- Ладно, вместо того, чтобы лить слезы снова и снова, почему ты не собрала все заработанное на продаже эля? – она замолчала, потому что Меллана лишь помотала головой. – Что такое?

Длинные ресницы сестры дрогнули.

- Р-разве ты не поняла? Я потратила деньги.

- Ты потратила все? – голос Финнулы снова дрогнул. – Но там было больше пятидесяти…

- Мне нужны были новые гребни, - прошептала Меллана, вновь разражаясь слезами. – И ленты для волос. И жестянщик, что приходил недавно, продавал прелестные пояса, на них была вышивка настоящим золотом…

Финнула с трудом удержалась от брани.

- Ты потратила все деньги, что заработала этой зимой, продавая эль? Ох, Меллана, как же ты могла? Мы ведь должны были купить солод и хмель для летней партии!

- Я знаю, - Меллана шмыгнула носом. – Знаю! Но девушка не может все время думать об эле!

Челюсть Финнулы так и отвисла. Ее сестра не могла похвастаться острым умом, но большей глупости никто еще в Шропшире не делал.
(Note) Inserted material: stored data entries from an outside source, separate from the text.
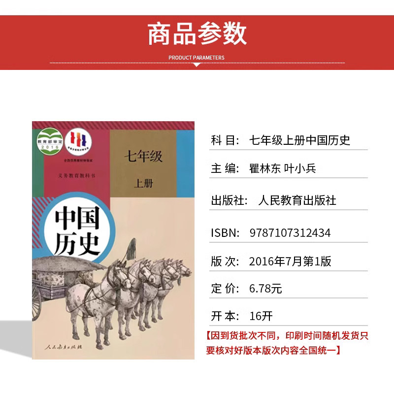 天猫老版复习正版人教版初中中国历史七年级上下册全套2本教材课本教科书人民教育出版社人教版7七年级上中国历史全套初一上下册历史书
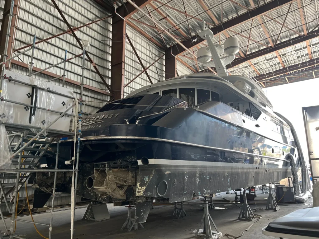 Her new ownership had brought her here to Starboard Yacht Group for another refit that would include a stabilization package and an evaluation of her engines and drives.
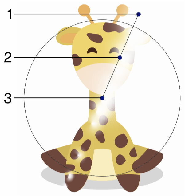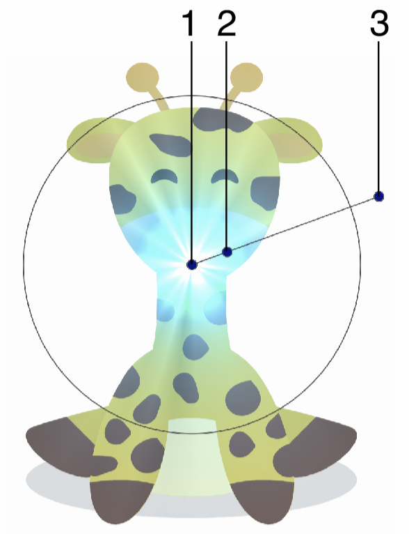 Interactive editing of the flare effect is done by dragging the handles to change an attribute value:
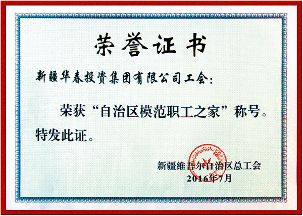 華春集團(tuán)工會(huì)的典型事跡被定為培訓(xùn)全國(guó)工會(huì)干部的教材,獲得諸多榮譽(yù),被烏魯木齊市總工會(huì)授予“模范職工之家”、被新疆自治區(qū)總工會(huì)、人力資源和社會(huì)保障廳等授予“自治區(qū)模范勞動(dòng)關(guān)系和諧企業(yè)”、被全國(guó)總工會(huì)、全國(guó)工商聯(lián)、人力資源社會(huì)保障部授予“全國(guó)就業(yè)與社會(huì)保障先進(jìn)民營(yíng)企業(yè)”、被全國(guó)總工會(huì)、發(fā)展改革委、科技部授予全國(guó)“講理想、比貢獻(xiàn)”先進(jìn)集體等榮譽(yù)稱(chēng)號(hào)。

У Мелланы дело шло в гору, она готовила лучший в деревне эль, за который дрались торговцы, увозившие его в другие графства, а чистая прибыль поступала в карман семьи Крейс. Но без солода и хмеля дни успеха Мелланы были бы сочтены.

- Девушка, - повторила Финнула. – Девушка! Но ты больше не девушка, не так ли, Меллана? У тебя родится ребенок! Как ты собираешься его растить? Нельзя же всю жизнь прожить здесь! Розамунда, милейшая из девушек, и то не будет благосклонна к безмужней золовке, живущей в родительском доме с ребенком-безотцовщиной!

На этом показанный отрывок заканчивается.